# My Cruze



## SportBilly (Nov 25, 2013)

Welcome my friend to CT...!!!


----------



## trevor_geiger (Nov 29, 2012)

Welcome! Curious how you are going to run that much power on our little alts. Will be following though! Thumbs up!


----------



## Mick (Dec 31, 2011)

Welcome to the forum. Look forward to your build.


----------



## iTz SADISTIK (Apr 6, 2014)

Welcome! Which upgraded alternator are you going with? I don't see how the stock one could survive 5000 watts RMS... Nice looking Cruze


Courtesy of Wikipedia


----------



## cdb09007 (Aug 7, 2013)

Welcome! Are those the chrome lower window trims next to the interior trim being painted?

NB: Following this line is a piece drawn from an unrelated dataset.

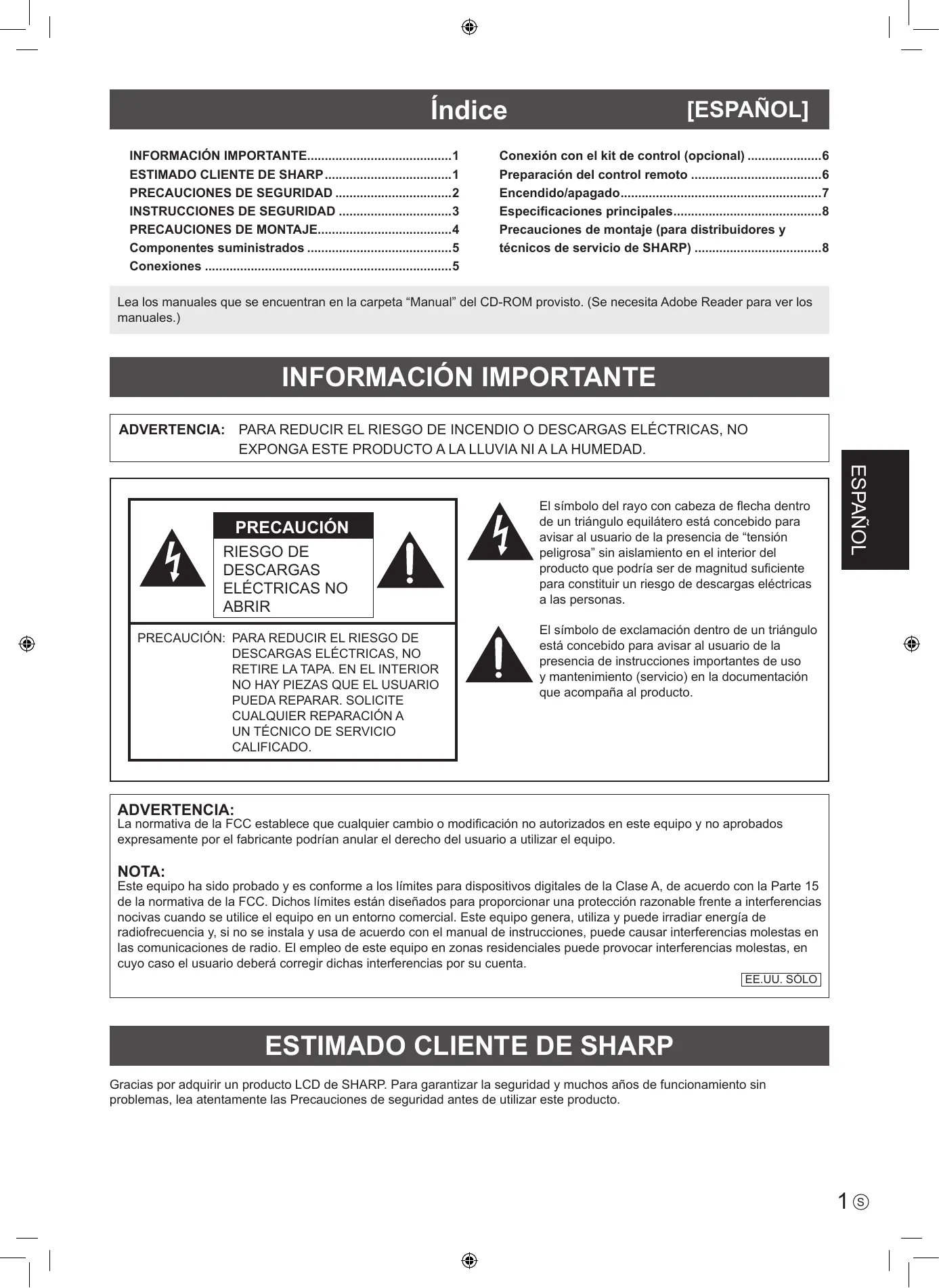 EE.UU. SÓLO ESTIMADO CLIENTE DE SHARP Gracias por adquirir un producto LCD de SHARP. Para garantizar la seguridad y muchos años de funcionamiento sin problemas, lea atentamente las Precauciones de seguridad antes de utilizar este producto.

Didn't know they popped off?


----------



## Jukebox Juliet (Apr 4, 2014)

Welcome


----------



## grs1961 (Oct 23, 2012)

I keep sitting here and wondering, "How is he going to get five kilowatts out of *any* alternator that will fit under the hood??"

A five kilowatt alternator weighs in at about 75-100 kilograms, last time I looked, and is... big... About as big as a 1.4 litre petrol engine...

I _think_ a 1.4 could spin it, it puts out 100 kilowatts, and a fair bit of torque...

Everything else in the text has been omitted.